##### Recorded information

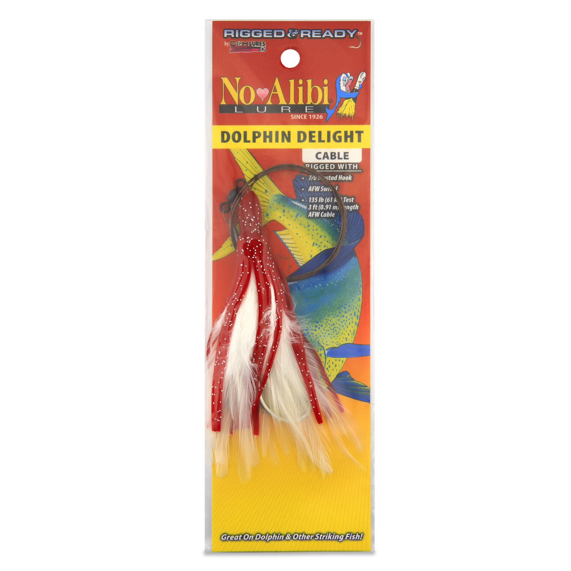 No Alibi, Dolphin Delight Rigged & Ready, Red/White Skirt, 1/4 oz / 7.0 g Lead Head, 4.5 in / 11.4 cm, 7/0 Mustad Hook, AFW Swivel, 135 lb / 61 kg AFW Cable, 3 ft / 0.9 mNo Alibi, Dolphin Delight Rigged & Ready, Red/White Skirt, 1/4 oz / 7.0 g Lead Head, 4.5 in / 11.4 cm, 7/0 Mustad Hook, AFW Swivel, 135 lb / 61 kg AFW Cable, 3 ft / 0.9 m
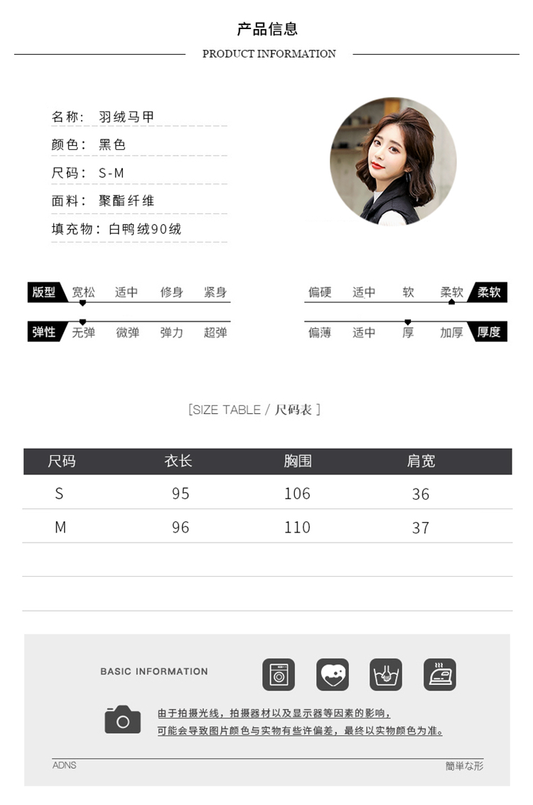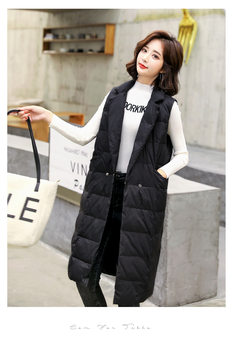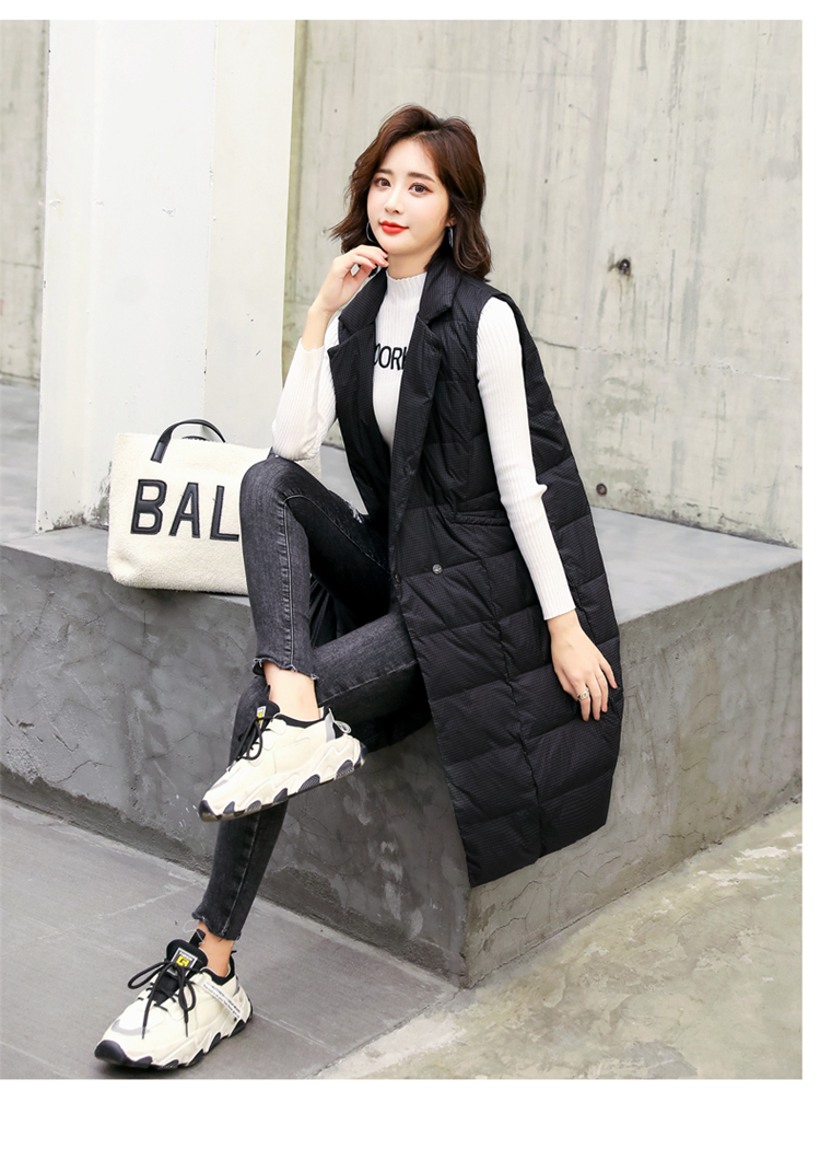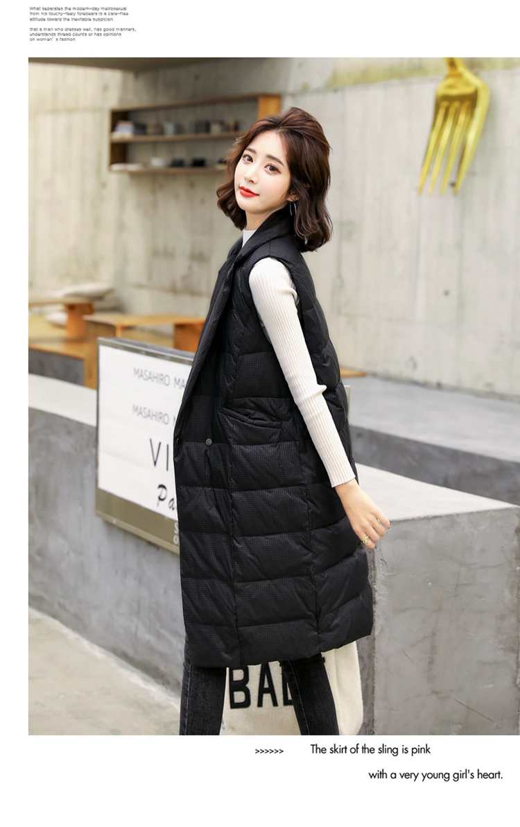 白鸭绒90绒,中长款韩版轻薄无袖坎肩马甲HR-HAYR7259
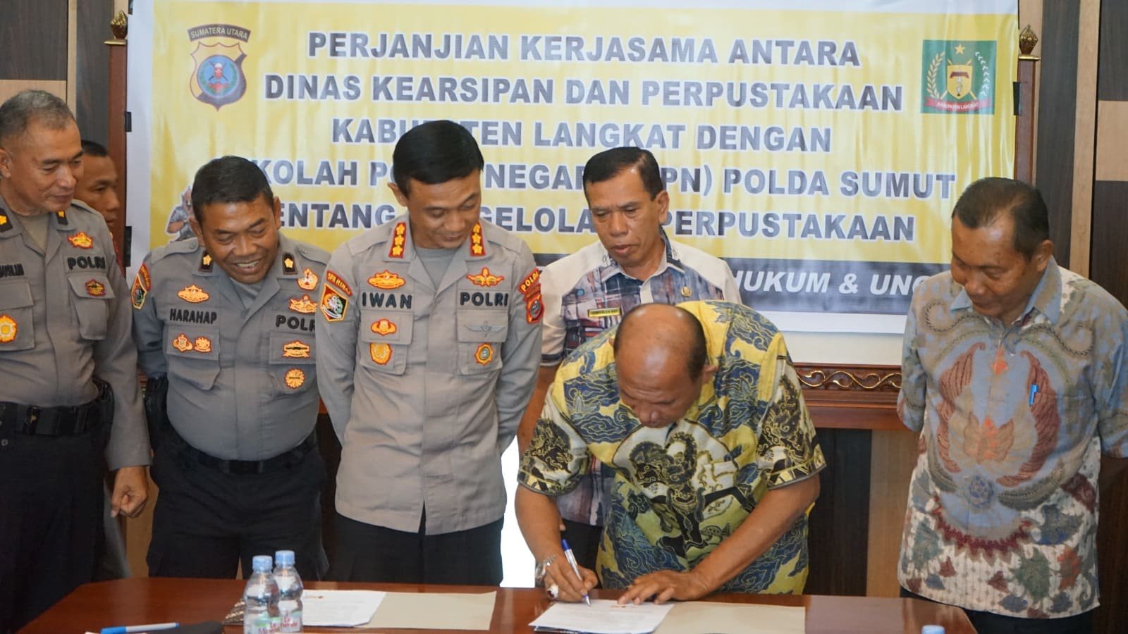 Selanjutnya Plt Bupati Langkat H.Syah Afandin SH melakukan penandatanganan MoU Tentang Perpustakaan antara Pemerintah Kabupaten Langkat dengan SPN Hinai Polda Sumut bertempat di Kantor Bupati Langkat, Jumat (20/10/2023).

##########

**Instructions to follow:**
Please output the listing above exactly from its first line through the line with "白鸭绒90绒,中长款韩版轻薄无袖坎肩马甲HR-HAYR7259", both included, and nothing beyond that line. Omit pictures.

**Reply to the exercise:**
 No Alibi, Dolphin Delight Rigged & Ready, Red/White Skirt, 1/4 oz / 7.0 g Lead Head, 4.5 in / 11.4 cm, 7/0 Mustad Hook, AFW Swivel, 135 lb / 61 kg AFW Cable, 3 ft / 0.9 mNo Alibi, Dolphin Delight Rigged & Ready, Red/White Skirt, 1/4 oz / 7.0 g Lead Head, 4.5 in / 11.4 cm, 7/0 Mustad Hook, AFW Swivel, 135 lb / 61 kg AFW Cable, 3 ft / 0.9 m
 白鸭绒90绒,中长款韩版轻薄无袖坎肩马甲HR-HAYR7259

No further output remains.